Jon Divine, MD, a professor of orthopedics and sports medicine at the University of Cincinnati, tells Yahoo Style that he also has some concerns. “This type of shoe would offer very little effective shock absorption for someone running and exposing the body to at least three to four times body weight worth of force to the foot with each step,” he says. “There is little internal padding, so friction is going to create skin blistering.” And with a less resistant sole than a running shoe, Crocs have an increased risk of slipping on wet or slippery surfaces like traffic lines on a street or wet grass, he says.

The way someone starts running in Crocs may make a difference too. Mary Thiel, clinic manager and physical therapist at Michigan State University Rehabilitation, tells Yahoo Style that she’s seen issues with people transitioning to a different type of shoe too rapidly, which can cause calf and foot strain. “The result can be plantar fasciitis, calf tears, Achilles tendinitis, and stress fractures,” she says.

How are the Pachevs able to do this without injury?

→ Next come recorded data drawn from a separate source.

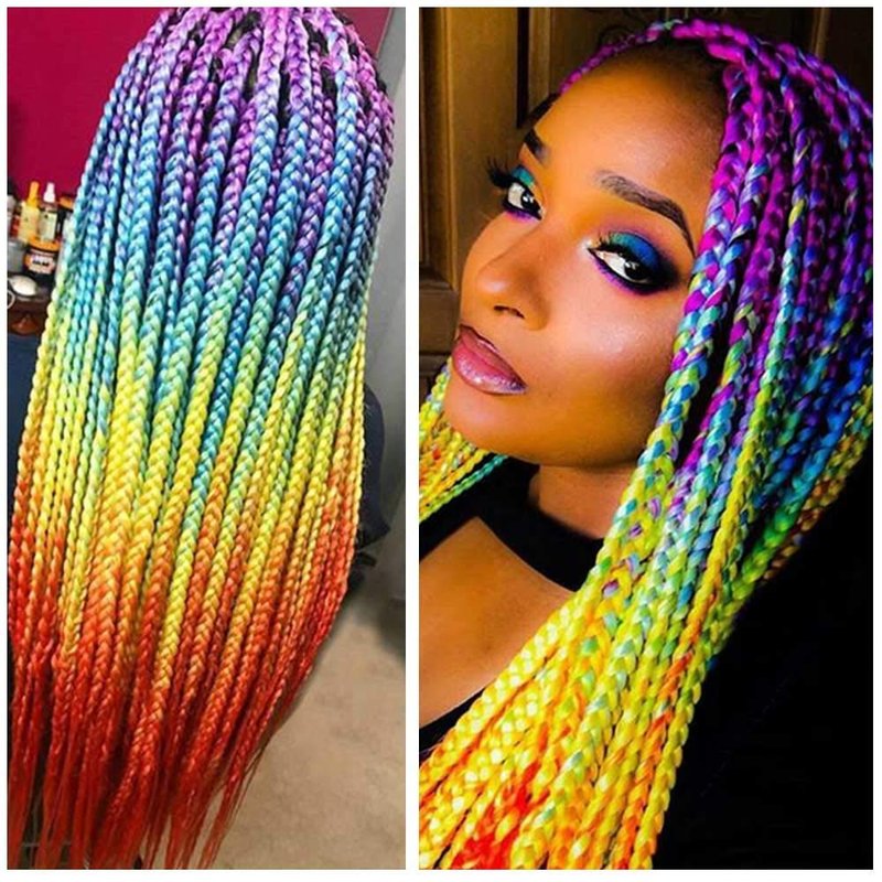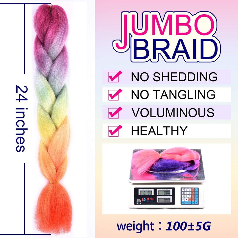 FAELBATY Synthetic Braiding Hair Extensions Rainbow Jumbo Braid for Twist Braiding Hair Extensions 24inch 3Pcs/Lot(Rainbow color)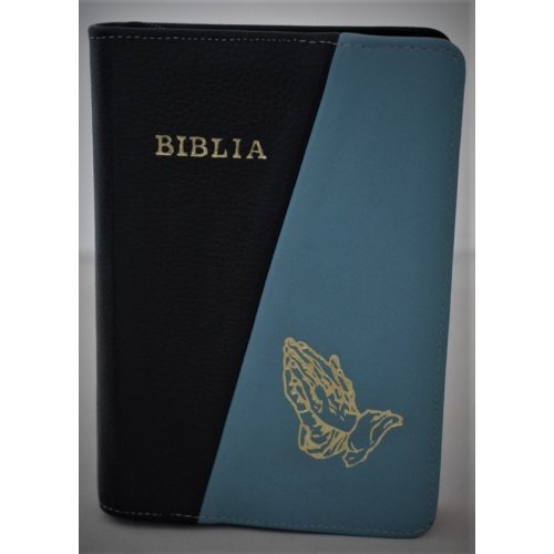 Biblie din piele, marime medie, culoare negru-turcuaz, simbol maini in rugaciune, fermoar, index, margini aurii, cuv. lui Isus cu rosu [SB 057 PFI]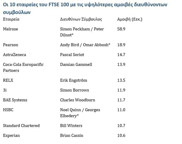Σημειωτέον πως ο μέσος Βρετανός εργαζόμενος πλήρους απασχόλησης κέρδισε πέρυσι 37.430 στερλίνες, δηλαδή 122 φορές λιγότερα από τον τυπικό CEO του δείκτη FTSE 100.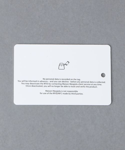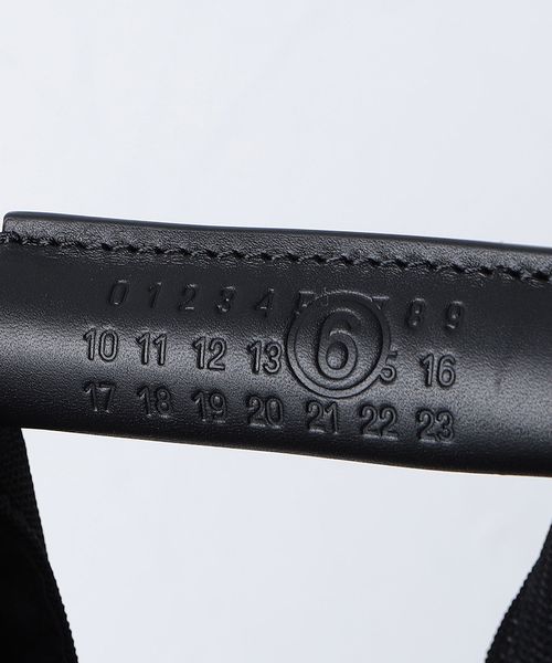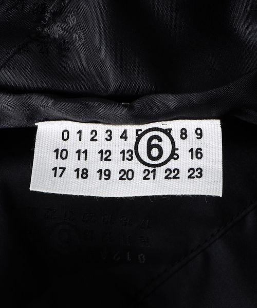 ガーメントやアクセサリーの背面には、白いシングルステッチでエムエム6のラベルが縫い付けられています。
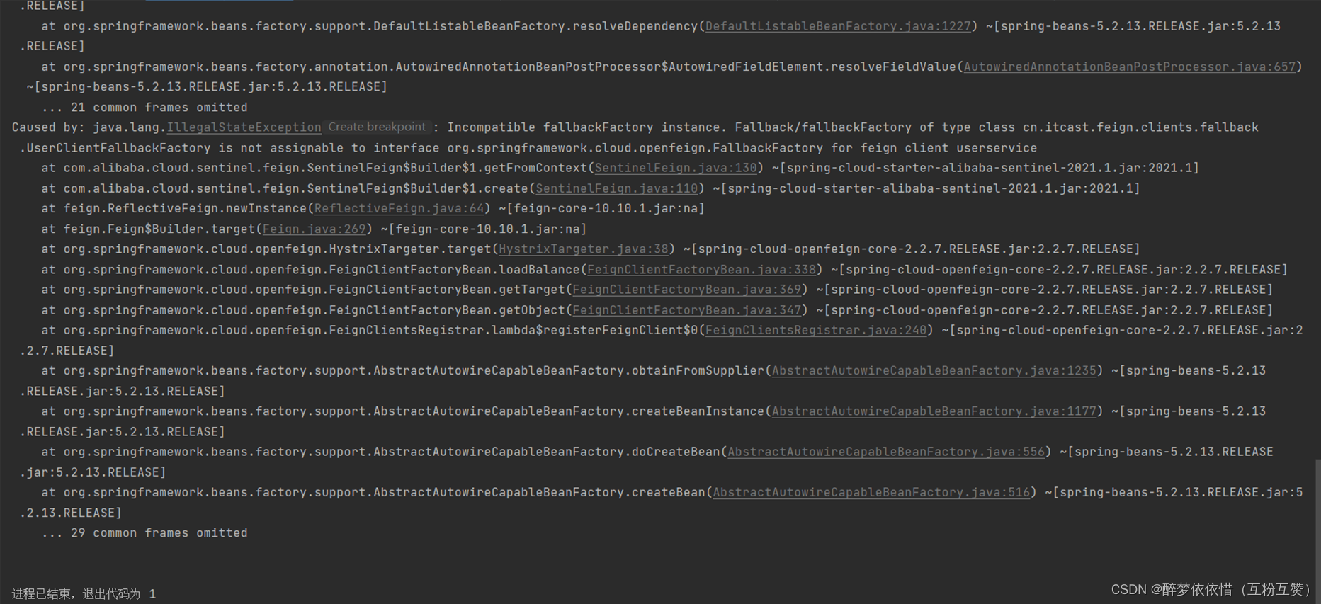 版本兼容的解决办法:在为userClient注入feign的接口类型时,添加@Lazy注解。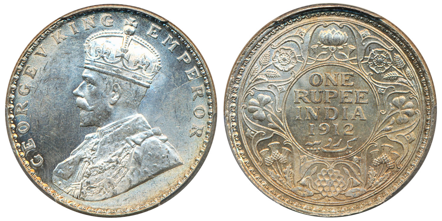 Coins, India. George V (1910-36), KM 524, 1 rupee 1912. Bombay mint. Graded by PCGS as MS64. XF-UNC. See certification at PCGS

Distance runners end up getting used to their shoes — or, more specifically, their bones, ligaments, and tendons do — Jung says, and if they’re accustomed to certain footwear, they’ll probably do OK with it.

But experts stress that this isn’t for everyone. “It would be a mistake if your average runner said, ‘I’m going to start training in Crocs,” Rue says. “There’s a big reason why people have evolved to use running shoes based on their foot type.”